Much of this has to do with the fact that my debate coach during my first year of college always put this album on our van's stereo on all of our long-distance road trips. Steve Miller was our accompaniment to the endless Nebraska plains rolling by on I-80, a reliable musical companion. We always teased one member of our team because she never failed to mis-time the handclaps on "Take the Money and Run." (Here's the secret: the claps come after each mention of Texas, and are thus meant to be a kind of parody/homage/reference to "Deep in the Heart of Texas.") One time my coach went into a kind of reverie about Miller's stoner vibe while "Rockin' Me Baby" played in the background. He imagined Miller in the studio taking bong hits while strumming his guitar, so stoned that the line "be with my sweeten baby yeah" resulted from THC induced amnesia.

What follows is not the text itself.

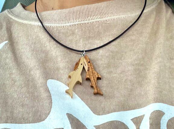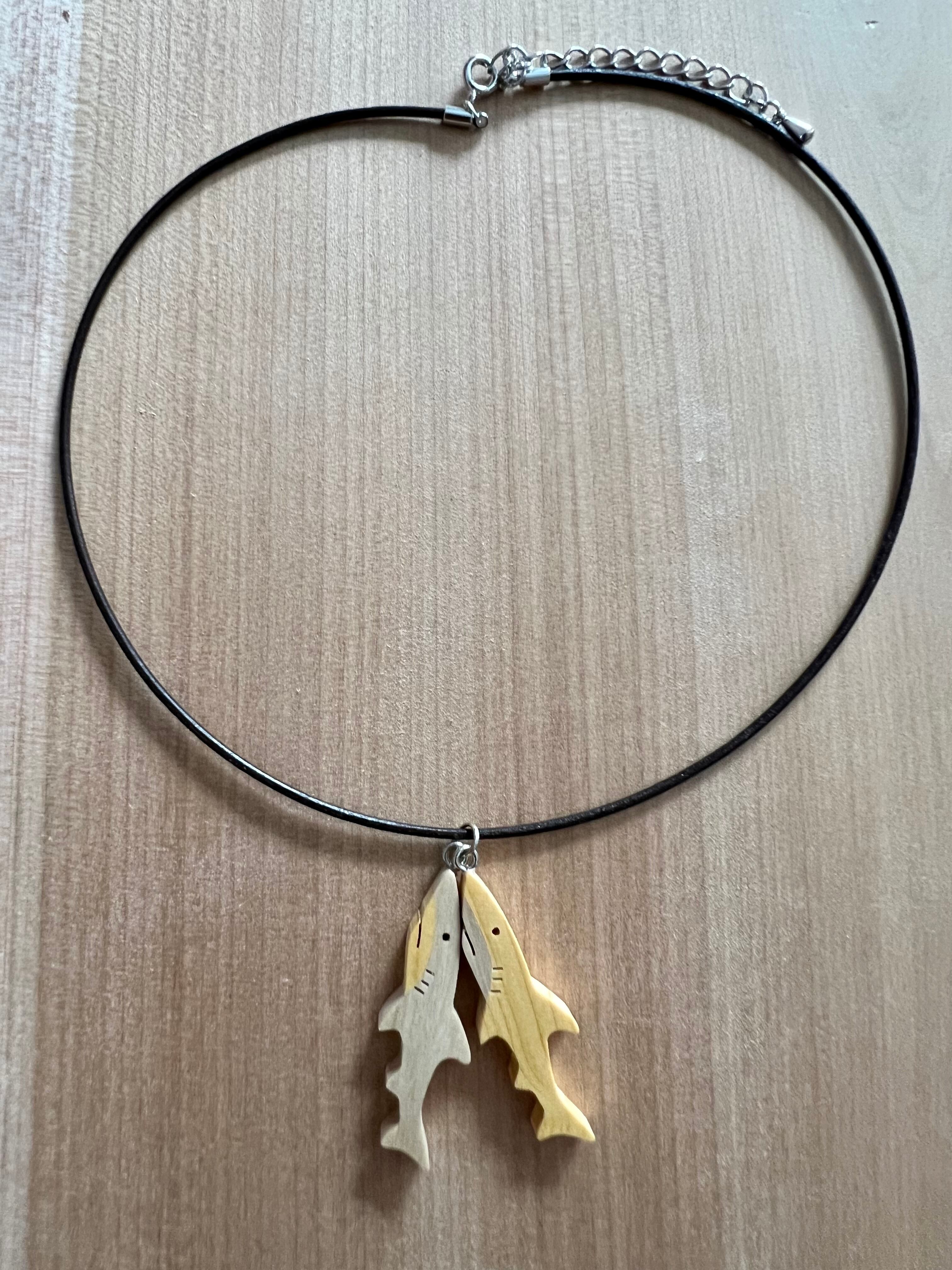 黄色のカヤ(1.2枚目)、茶色のエンジュ(3.4枚目)・アカガシ(5枚目)、白い部分にはイタヤカエデを使用した、小さなサメの木製ネックレスです。ツートンカラーの2匹がよりそう様子がかわいく目を引き、木製で軽いので首に負担もかかりません。

His records certainly have more than a faint whiff of ganja about them; they sound as if they should come with rolling papers. Appropriately, Miller penned "The Joker," one of the great stoner anthems of all time, with its lazy vibe, silly jokes (the guitar cat-calling when he sings "some people call me Maurice"), half-baked lyrics (what the fuck is "the pompitous of love"?), and the declaration that "I'm a joker, I'm a smoker, I'm a midnight toker." The echoing effects on "Fly Like an Eagle" seem tailor made to accompany a really good high.
High or not, though, the man could write a catchy song, songs so hummable that you forget their inherent ridiculousness. Don't believe me? Just listen to "Abracadabra," when Steve sings that he'll "reach out and grab ya" to the tune of overdone guitar and synthesizer sound effects.
But what keeps me coming back to Steve Miller, despite my best judgment, are those memories of going down the highway with my debate teammates, many of whom I sadly haven't seen in years. I remember those days best when I listen to "Jet Airliner," one of the better songs in the "life on the road in a rock band" genre. (Certainly better than Grand Funk's "American Band," but not as gritty as Bob Seger's "Turn the Page," as funny as Tenacious D's "The Road," or as gloriously overdone as Bon Jovi's "Wanted Dead or Alive." That song will likely be the subject of another blog in this series on sheepish pleasures.) Sometimes a car stereo is the best time machine of all.